Leading priests who disagreed with Pope Benedict admit it will be ‘very hard to mourn’ his death

Former pope drew strong criticism for Church’s views on homosexuality and women priests

Fr Tony Flannery says he suffered ‘at the hands of a system shaped and defined by Cardinal Ratzinger’.

By Sarah Mac Donald

Several leading Irish priests who clashed with Pope Benedict’s stance on key issues admit it will be “very hard” to mourn his death.

he issues over which they strongly differed range from women priests to the church’s teaching on homosexuality.

Censured priest Fr Tony Flannery, who was put out of ministry during the papacy of Benedict, said he had suffered “at the hands of a system shaped and defined by Cardinal Ratzinger”, so he “doesn’t really feel much regret at his death”.

The 75-year-old Redemptorist priest said he was “one of the Irish people whose life has been most significantly affected by his [Benedict’s] attitudes and his exercise of power”.

Fr Flannery has been forbidden to exercise his ministry as a priest since 2012 over his views on women priests and the church’s teaching on homosexuality and contraception.

He noted the impact of Benedict’s papacy, from 2005 to 2013, and his time as head of the Vatican’s doctrinal office on theologians, priests, religious and lay people who, like Fr Flannery, were punished for their writings on matters relating to church doctrine and various aspects of the faith.

“I wouldn’t even attempt to measure the negative impact his teaching and action had on LGBTQ people, and on those abused by priests and religious,” he said.

Fr Roy Donovan, of the Association of Catholic Priests, said he found it “very hard to mourn” for Benedict and remained “very angry” over his pontificate and his time as head of the Congregation for the Doctrine of Faith (CDF).

Referring to Benedict’s negative comments on gay people and his silencing of those with whom he disagreed, Fr Donovan asked: “What was he afraid of? Why did he need to adopt an approach of circling the wagons? With his intellect, why could he not listen and debate opposing views?”

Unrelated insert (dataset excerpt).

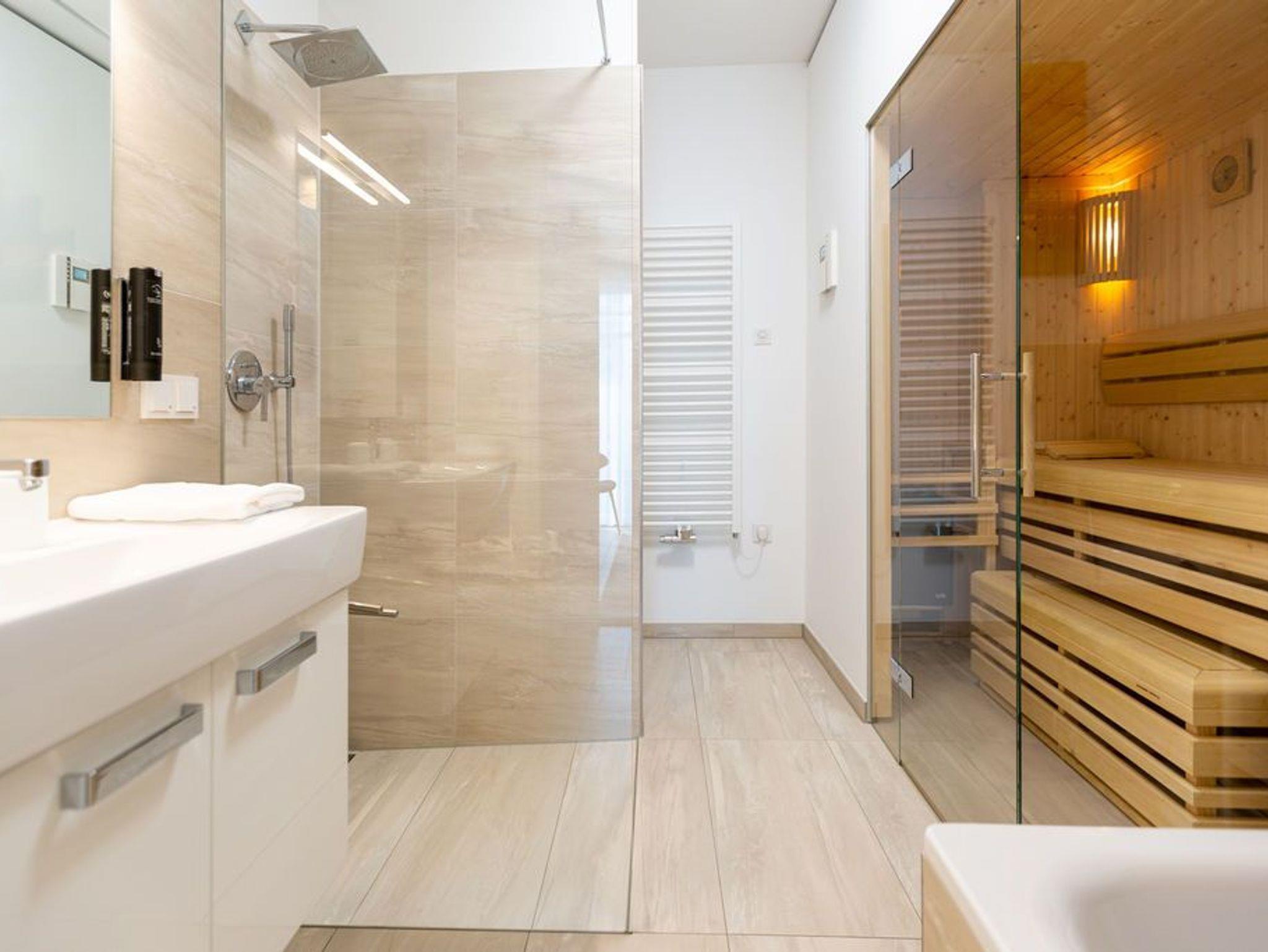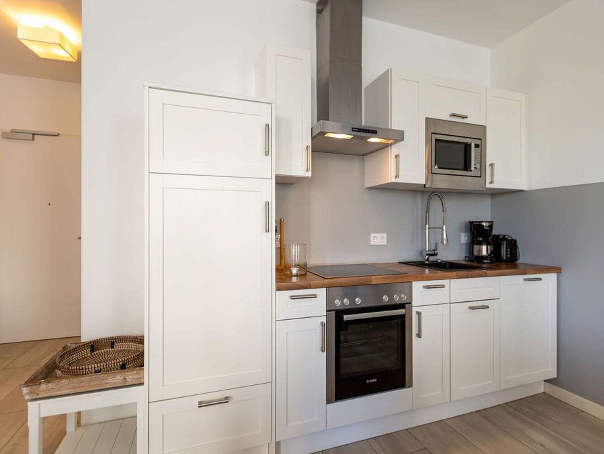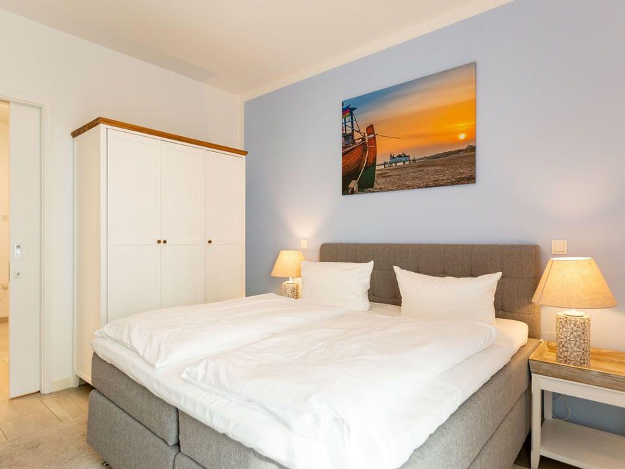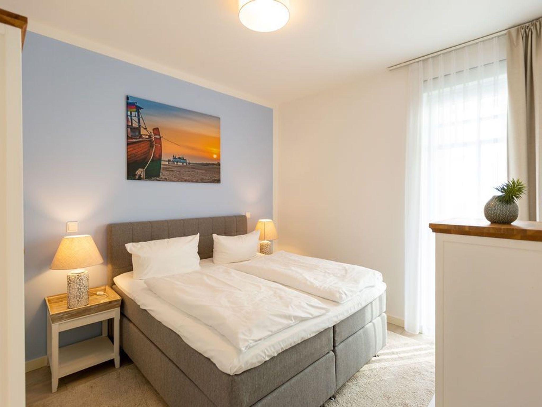 Nordisch nobel, mit einem Hauch von Industriechic präsentiert sich die 77 Quadratmeter große Ferienwohnung Nummer 5 im Erdgeschoss der Villa Westend. Sie empfängt ihre Besucher mit einem offenen und geschmackvoll eingerichteten Wohn- und Essbereich. Der hochwertige Esstisch mit großer Echtholzplatte und die skandinavischen Designstühle fallen dabei sofort ins Auge. Ebenso wie die gemütliche Sitzgruppe, die zum Relaxen vor dem Elektro-Kamin einlädt. Der zaubert ? egal ob nach einem winterfrischen Strandspaziergang oder einem sonnenreichen Sommerstrandtag ? mit seinen Flammen herrliches Wohlgefühl in Ihre Urlaubsabende. Per Knopfdruck mit oder ohne Wärme. Industrie-Designlampen setzen im Wohnraum stylische Akzente. Die offene Küche mit hochwertigen Elektrogeräten ist voll ausgestattet. Vom Wohnzimmer aus gelangen Sie auf die Terrasse, wo die Ostsee in nur 50 Metern Entfernung durch die Dünengräser glitzert. Zwei in harmonischen Farben gehaltene Schlafzimmer bieten in Boxspringdoppelbetten (1,80 m x 2,00 m) Platz für 4 Personen. In jedem Zimmer gibt es einen Flat-TV. Viel Platz für die Urlaubsgarderobe bietet je ein Kleiderschrank. In einem großen Wellnessbad, das von einem der beiden Schlafzimmer aus zugänglich ist, lässt es sich in der finnischen Sauna, der Badewanne oder unter der Regendusche wunderbar entspannen. Ein zweites Bad ist ebenfalls mit Dusche, WC und Waschtisch ausgestattet. Für den puren Urlaubsgenuss liegen Handtücher für Sie bereit und die Betten sind frisch bezogen. Es steht Ihnen ein Pkw-Stellplatz in der Tiefgarage zur Verfügung.

His comment was echoed by Fr Iggy O’Donovan. He said that the German pontiff, who died on Saturday, had led a “McCarthy-type purge of fellow scholars”.

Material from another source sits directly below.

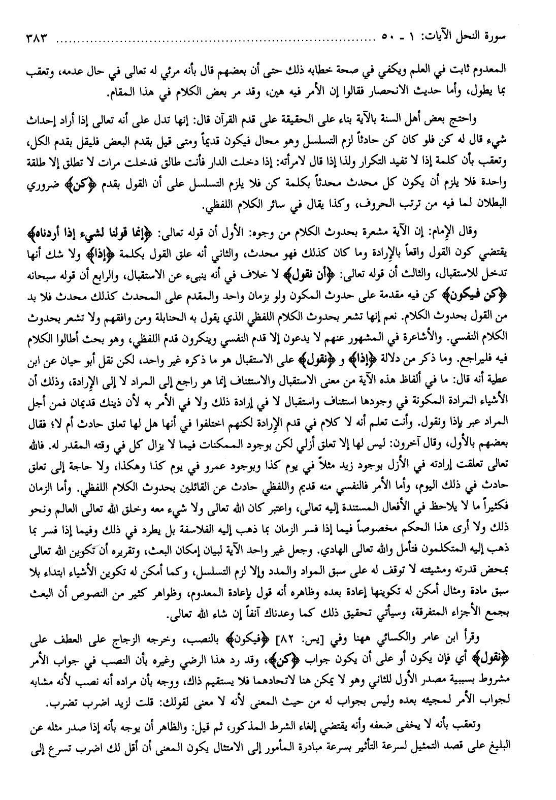 وقال الإمام: إن الآية مشعرة بحدوث الكلام من وجوه: الأول أن قوله تعالى: إِنَّما قَوْلُنا لِشَيْءٍ إِذا أَرَدْناهُ يقتضي كون القول واقعا بالإرادة وما كان كذلك فهو محدث، والثاني أنه علق القول بكلمة إِذا ولا شك أنها تدخل للاستقبال، والثالث أن قوله تعالى: أَنْ نَقُولَ لا خلاف في أنه ينبئ عن الاستقبال، والرابع أن قوله سبحانه كُنْ فَيَكُونُ كن فيه مقدمة على حدوث المكون ولو بزمان واحد والمقدم على المحدث كذلك محدث فلا بد من القول بحدوث الكلام. نعم إنها تشعر بحدوث الكلام اللفظي الذي يقول به الحنابلة ومن وافقهم ولا تشعر بحدوث الكلام النفسي. والأشاعرة في المشهور عنهم لا يدعون إلا قدم النفسي وينكرون قدم اللفظي، وهو بحث أطالوا الكلام فيه فليراجع. وما ذكر من دلالة إِذا ونَقُولَ على الاستقبال هو ما ذكره غير واحد، لكن نقل أبو حيان عن ابن عطية أنه قال: ما في ألفاظ هذه الآية من معنى الاستقبال والاستئناف إنما هو راجع إلى المراد لا إلى الإرادة، وذلك أن الأشياء المرادة المكونة في وجودها استئناف واستقبال لا في إرادة ذلك ولا في الأمر به لأن ذينك قديمان فمن أجل المراد عبر بإذا ونقول. وأنت تعلم أنه لا كلام في قدم الإرادة لكنهم اختلفوا في أنها هل لها تعلق حادث أم لا فقال بعضهم بالأول، وقال آخرون: ليس لها إلا تعلق أزلي لكن بوجود الممكنات فيما لا يزال كل في وقته المقدر له. فالله تعالى تعلقت إرادته في الأزل بوجود زيد مثلا في يوم كذا وبوجود عمرو في يوم كذا وهكذا، ولا حاجة إلى تعلق حادث في ذلك اليوم، وأما الأمر فالنفسي منه قديم واللفظي حادث عن القائلين بحدوث الكلام اللفظي. وأما الزمان فكثيرا ما لا يلاحظ في الأفعال المستندة إليه تعالى، واعتبر كان الله تعالى ولا شيء معه وخلق الله تعالى العالم ونحو ذلك ولا أرى هذا الحكم مخصوصا فيما إذا فسر الزمان بما ذهب إليه الفلاسفة بل يطرد في ذلك وفيما إذا فسر بما ذهب إليه المتكلمون فتأمل والله تعالى الهادي. وجعل غير واحد الآية لبيان إمكان البعث، وتقريره أن تكوين الله تعالى بمحض قدرته ومشيئته لا توقف له على سبق المواد والمدد وإلا لزم التسلسل، وكما أمكن له تكوين الأشياء ابتداء بلا سبق مادة ومثال أمكن له تكوينها إعادة بعده وظاهره أنه قول بإعادة المعدوم، وظواهر كثير من النصوص أن البعث بجمع الأجزاء المتفرقة، وسيأتي تحقيق ذلك كما وعدناك آنفا إن شاء الله تعالى.

He said: “It was on his watch at the CDF that [theologian] Hans Kung, his one-time colleague, was stripped of his right to teach Catholic theology. Think of [Leonardo] Boff and [Gustavo] Gutierrez, the liberation theology scholars. Our own Fr Sean Fagan was hounded to his death.”

Fr O’Donovan said that the staunchly traditionalist theologian who succeeded John Paul II was “brilliant” but had inflicted great damage.

Separately, the reform group, We Are Church Ireland, has described Pope Benedict as “a highly contradictory theologian who shaped the Roman Catholic Church for decades in a backward-looking way like no other post-conciliar church leader”.

In a statement, Colm Holmes said Benedict, whose funeral takes place on Thursday, had left “a climate of fear”.

Meanwhile, the Vatican has revealed that Benedict’s last words were “Lord, I love you.”

Archbishop Georg Gaenswein, Benedict’s long-time secretary who lived in the Vatican monastery where the former pope took up residence after his 2013 retirement, said a nurse heard the late cleric utter those words about 3am on Saturday.

He died later that morning about 9.30am local time.

“Benedict XVI, with a faint voice but in a very distinct way, said in Italian, ‘Lord, I love you,’” Archbishop Gaenswein said, adding that it happened when the aides tending to Benedict were changing shifts.

“I wasn’t there in that moment, but the nurse a little later recounted it,” the archbishop said.

“They were his last comprehensible words, because afterwards, he wasn’t able to express himself any more.”